Воздух не шевелился. Странное чувство, когда температура воздуха примерно совпадает с температурой тела, а на море абсолютный штиль. Тогда кажется, что ты плывешь в этом мареве, и непрошенное, тягучее тепло само входит в тебя, и плавает там свободно, одуряя мозги...
Я попытался сосредоточиться на том, что он говорит. Когда серьезные карие глаза вопросительно вскинулись на меня, я был готов развеять все сомнения и дать понять, что безропотно возьму у него 120 тысяч баксов и даже сделаю вид, что ничуть не комплексую по этому поводу. Казалось, я почувствовал, как он аккуратно подавил вздох облегчения.
Опять нахмурился. Пауза затянулась, и гениальная наша голова со скоростью несколько миллионов операций в секунду подбирает оптимальную тему для продолжения разговора. Я почти не видел его за прошедшие пару месяцев. Дела — по телефону. Он ставил танцевальный спектакль по мотивам сумеречной саги. Сам был балетмейстером и сам танцевал главную партию. Хотя танцами в последний раз занимался лет 6 назад. Получился шедевр. У меня стоял комок в горле, когда он в образе вампира танцевал под Колыбельную Бэллы с какой-то юной балеринкой... Это было так пронзительно и красиво, что хотелось укусить себя за палец, чтобы не дрожал подбородок... Впрочем, все что он делает, получается шедевром. Иногда мне кажется, что если Олег когда-нибудь сделает что-то не лучше всех на свете, он растает в воздухе, как расколдованный персонаж сказки. Потому что в этой сказке не может быть персонажа «Олег — не лучше всех».

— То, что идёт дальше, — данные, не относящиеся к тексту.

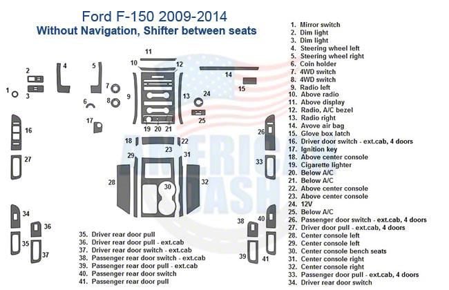 Application. The Full Dash Trim Kit; Carbon Fiber Finish fits 2009-2014 F-150 with Shifter Flow-Through Center Console and with no Navigation.

Похудел килограмм на десять. Уверен, загонял себя бесконечными репетициями. Тянулся, рвал связки, тихонько выл от боли, злился на себя, и забывал поесть... Интересно, с тех пор как он расстался с Элом и съехал в свой дом, его кто-нибудь когда-нибудь кормит? Ведь если его не заставлять, он вообще перестанет питаться. Помню, когда нам было по 17, и мы еще занимались в спортшколе, тренер перед соревнованиями по дзюдо поил его привезенными из Швейцарии белковыми коктейлями и скармливал ему энергетические плитки, которыми пользуются альпинисты во время длительных восхождений. Потому что этот засранец тупо не добирал до своей весовой категории. И при росте 189 см весил 59 кг. Собственно, хорошо, если он в данный момент весит хотя бы 65...
Резкая потеря веса заострила его и без того тонкие черты и сделала похожим на рисованный персонаж аниме. Знаете, бывают такие неестественно высокие, стройные, широкоплечие японские сказочные принцы. С фарфоровой кожей, ангелоподобными лицами, изящными руками и длинными смоляными волосами... Вот именно таким он был сейчас, несмотря на голый торс и небрежно закатанные на лодыжках потертые джинсы от Армани. Ну, разве только цветом кожи отличался — был не белоснежным, а бронзовым. Но все равно умудрялся казаться бледным. Под глазами залегли тени, уголки губ устало опущены. Бестолковый, сильный, ранимый, любимый...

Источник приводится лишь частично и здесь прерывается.